According to the accident report filed by New York State Police Sergeant Stephen J. Patruska, I-90 is an east-west four lane highway with a grass median dividing the travel lanes. Each driving lane is 12 feet in width, the right shoulder is 10 feet in width, and the left shoulder is 4 feet, 6 inches in width. At the point of the accident the median is 45 feet wide and the roadway is straight with a slight positive grade westbound and a slight negative grade eastbound. Based upon his investigation, Sergeant Patruska concluded that Ms. Willoughby was traveling too fast for the road conditions which caused her to lose control of the vehicle and cross into the opposite lanes (see Notice of Motion, Exhibit D).

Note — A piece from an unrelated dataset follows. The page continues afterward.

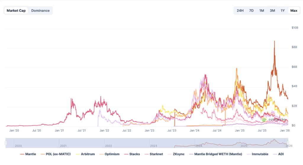 그러나 이 모델의 장기적인 성공은 애플리케이션 레이어의 성장에 달려 있다. 우리는 이미 이더리움 생태계에서 맨틀(MNT)과 폴리곤(POL) 같은 주요 레이어-2가 메인넷의 부담을 덜어주며 총 40억 달러의 TVL(총 예치 자산)을 확보하는 것을 목격했다.

The rule governing summary judgment is well established: "The proponent of a summary judgment motion must make a prima facie showing of entitlement to judgment as a matter of law, tendering sufficient evidence to eliminate any material issues of fact from the case" (Winegrad v New York Univ. Med. Center, 64 NY2d 851, 853 [1985]), and such showing must be made "by producing evidentiary proof in admissible form" (Zuckerman v City of New York, 49 NY2d 557, 562 [1980]). Summary judgment should not be granted where there is any doubt as to the existence of a material issue of fact (Sillman v Twentieth Century-Fox Film Corp., 3 NY2d 395, 404 [1957]). The Court's function is to determine if an issue exists. In doing so, the Court must examine the proof in a light most favorable to the party opposing the motion (Iwaszkiewicz v Callanan Indus., 258 AD2d 776 [1999]). Once the proponent of the motion has established its entitlement to judgment, the burden shifts and the party in opposition to a motion for summary judgment "must assemble and lay bare affirmative proof to establish that the matters alleged are real and capable of being established upon a trial" (Matter of Izzo v Lynn, 271 AD2d 801, 802 [2000]; see Hasbrouck v City of Gloversville, 102 AD2d 905 [1984], affd 63 NY2d 916 [1984]).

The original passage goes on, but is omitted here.